May 18, 2022 - Economy

Fed's Barkin: I try not to pay too much attention to the stock market

Thomas Barkin, president of the Federal Reserve Bank of Richmond

Richmond Fed President Thomas Barkin. Photo: Federal Reserve Bank of Richmond

Thomas Barkin, the president of the Federal Reserve Bank of Richmond, spoke with Axios recently about the outlook for interest rates, a volatile stock market, and why people hate inflation so much.

  • Lightly edited excerpts of the conversation, which took place at the bank's headquarters in Richmond, Virginia on May 12, are below.

On whether the Fed might raise interest rates by 0.75 percentage points at a time, instead of 0.5 points as it did this month:

  • "Jay [Powell, the Fed chair] laid out in his press conference what seemed to me like a pretty rational potential path forward. And I think we'll just have to see where it goes. The things I focus on, first and foremost, are the combination of demand and inflation."
  • Right now we're in a world with extremely strong and robust demand, but extraordinarily high and broad and persistent inflation. And in that world, the path of policy is actually quite straightforward to me, which is normalize as fast as reasonable without breaking anything."

On what he's watching to shape his policy decisions:

  • "What I'm monitoring are the two pieces of that puzzle. Does demand stay this robust? If it stays this robust, that makes a case for [being] expeditious. If it backs off, that makes a case for perhaps being a little more careful.
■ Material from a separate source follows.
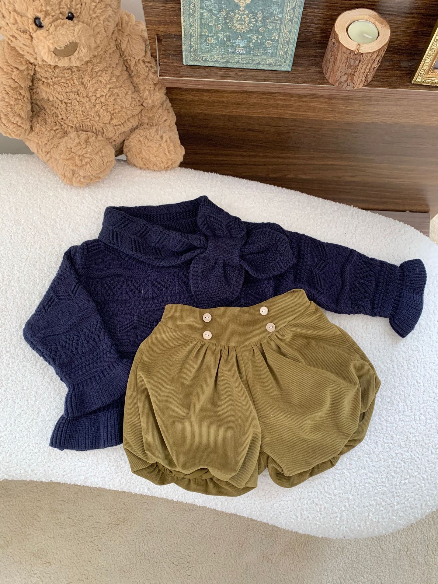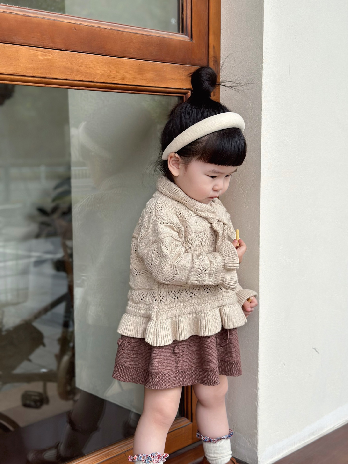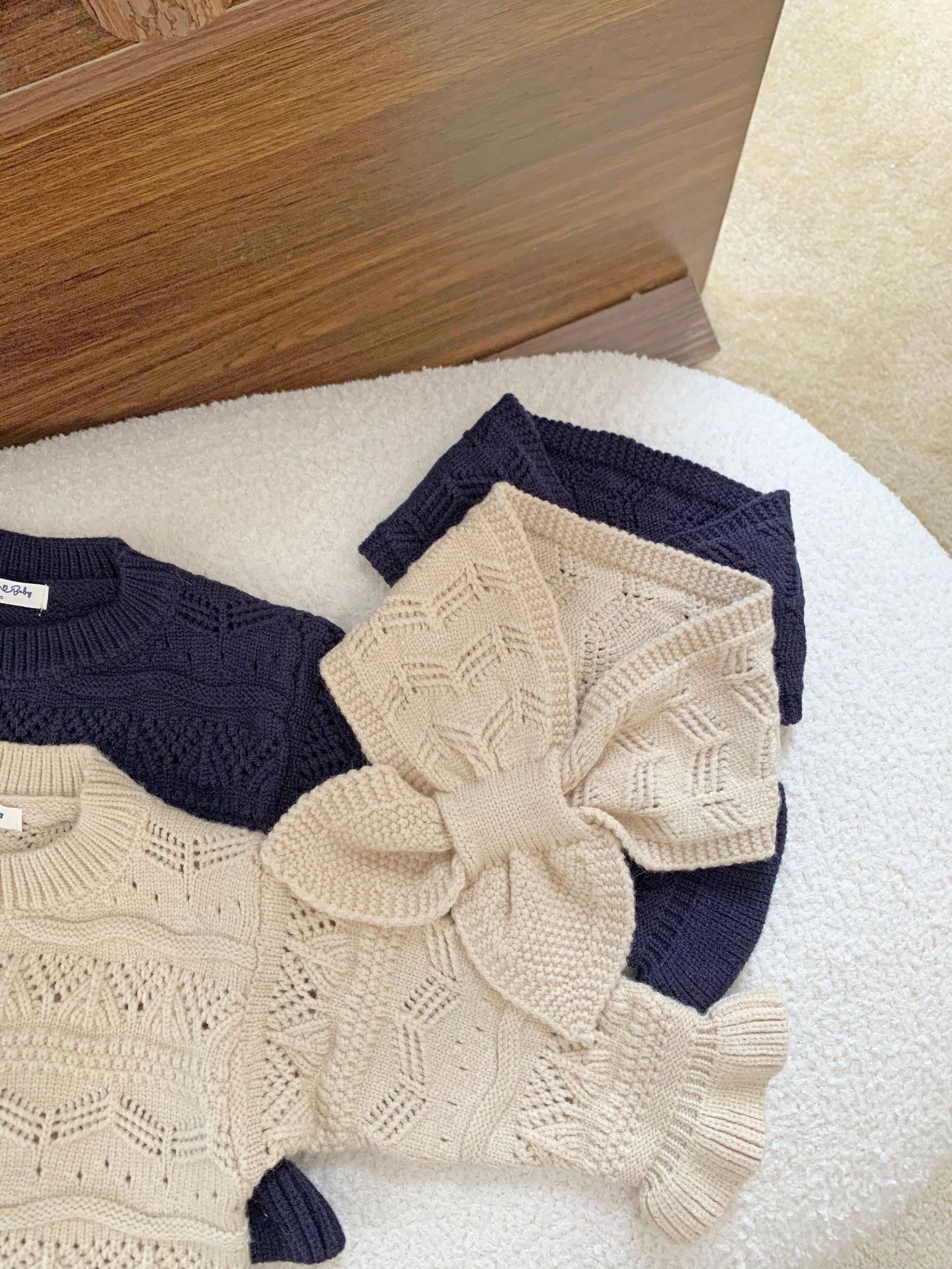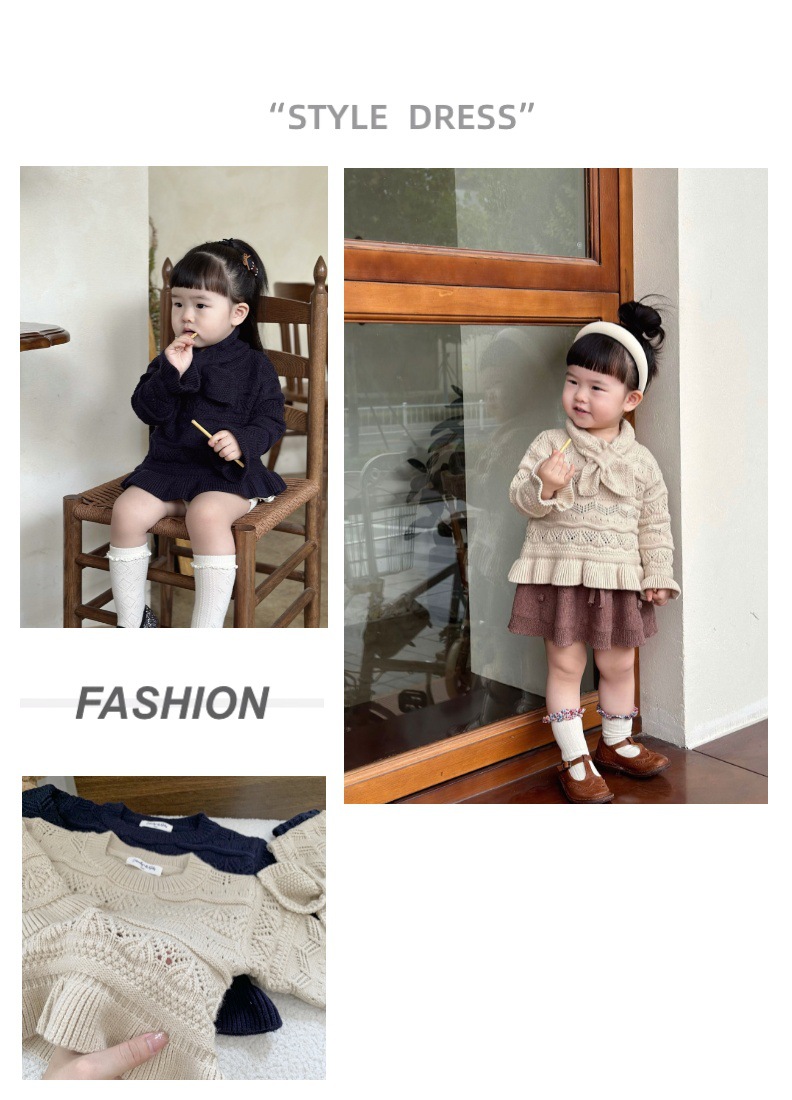 Cutemily 가을과 겨울 아기 소녀 귀여운 라운드 넥 중공 스웨터 여성 아기 귀여운 스카프 니트 2 종 세트스토어 가기

On the volatile stock market and whether financial conditions have tightened too much:

  • "I try hard not to spend too much time looking at the stock market. My biggest concern is that a lot of people in the economy believe that the stock market is the same as the economy. And so I do talk to people, including some pretty sophisticated people, who say something like, 'the stock market's down, we're going into a recession.'
  • "To me, it's not the same as the economy. I try to look hard at the economy. And so the worry would be that a stock market that fell too fast, too far, could cause people to pull back [too much]."
  • "The tricky part about what we're trying to do is we're trying to quiet demand, without overly damaging demand. That's a very hard thing to do."

On what his contacts are saying about demand trends:

  • "Products and services bought by higher-end consumers are still full speed ahead. The combination of excess savings and stronger net worth, even after all this, has those consumers continuing to purchase and spend at levels that feel much higher than historic or normal levels.
  • "They're starting to see some quieting in lower-end consumer segments, starting to see trade down in consumer goods for lower-income folks. That's where I think you're starting to see it."

On what he's focused on in the inflation data:

  • "First and foremost, the overall numbers. And the reason I say that is not because the overall numbers are the only insight you're going to get, but in a world where you want to make sure you keep inflation expectations anchored, I do think the headline number and the core number on an overall basis are signals to the population in terms of what's happening.
  • "We're past the era where you look through an item or two. We're in the era where you need to see the number come down."
  • "I don't just want to see the number come down, I want to make sure it's not just driven by one-time things."

On how inflation might come down:

  • "My theory of the case is that in the headline number, you've got escalation because of what's happening in Ukraine. Wheat, oil and natural gas. If and when that settles, some of those rates of increase will back off."
  • "Then you've got escalation in goods prices driven by excess demand during the pandemic. As we raise rates, as supply chains normalize, the price of goods should come down. And then on the flip side, you want to make sure that in the rotation to services, and as wages continue to rise, you're not seeing an over-escalation in services prices that more than offsets the goods."

On how people perceive inflation:

  • "One thing I'm really struck by is how much people thoroughly dislike inflation. There's not a ledger out there where people go 'okay, wages went up 5%. Prices went up 5%. That seems pretty fair.'"
  • That's not how the public thinks. That's not how workers think. That's not how businesses think. Businesses think they got higher prices because they have a better product, and that they're paying more money because their suppliers are screwing up."
  • "A lot of these businesses had the best year of their history last year. They don't feel like it. Small business sentiment is very low, consumer sentiment is very low. It's the unfairness, it's the uncertainty, all those things really are wearing on people. So we've got to do something about it."